THE DATA ->

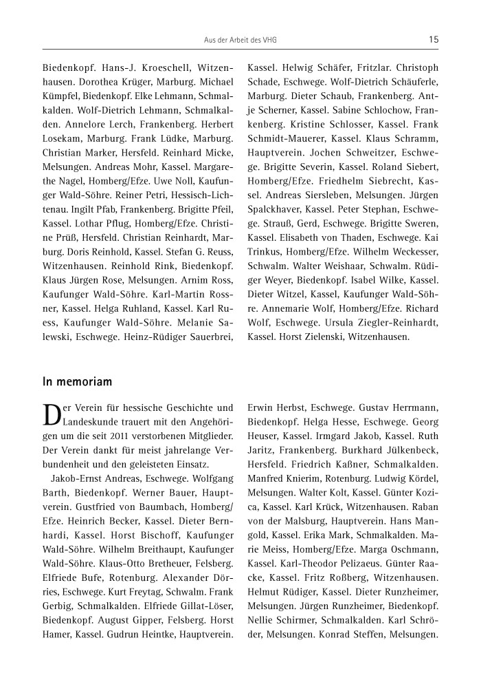Der Verein für hessische Geschichte und Landeskunde trauert mit den Angehörigen um die seit 2011 verstorbenen Mitglieder. Der Verein dankt für meist jahrelange Verbundenheit und den geleisteten Einsatz.
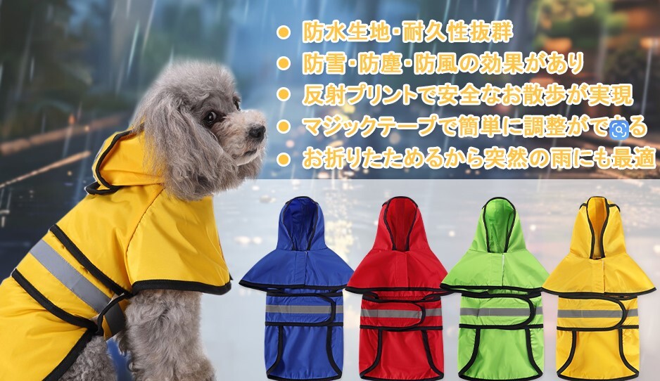 新品 大幅値下げ 犬レインコート サイズ L 青 ポンチョ型で着せやすい。 かわいい 完全防水
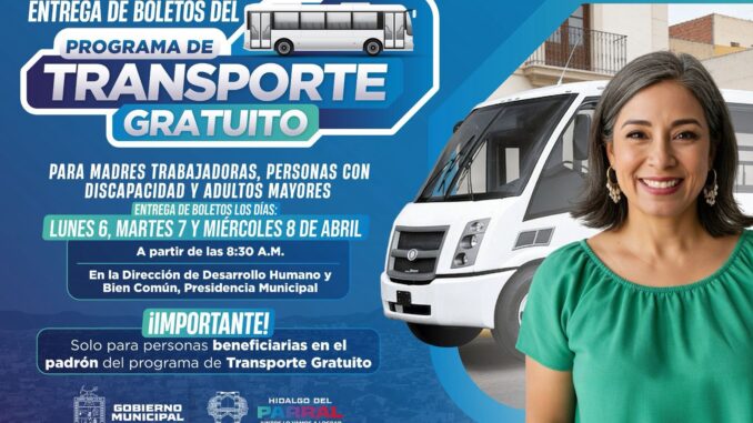 La Dirección de Desarrollo Humano y Bien Común, informa a las y los beneficiarios del programa Transporte Gratuito que la entrega de boletos correspondientes al mes de abril se realizará del 6 al 8 del presente mes.

DIRECTIONS FOR THIS TASK -> All lines from the one holding "新品 大幅値下げ 犬レインコート" through the last line of the material above should be set down exactly, and the pictures should be left out.

OUTPUT ->
 新品 大幅値下げ 犬レインコート サイズ L 青 ポンチョ型で着せやすい。 かわいい 完全防水
 La Dirección de Desarrollo Humano y Bien Común, informa a las y los beneficiarios del programa Transporte Gratuito que la entrega de boletos correspondientes al mes de abril se realizará del 6 al 8 del presente mes.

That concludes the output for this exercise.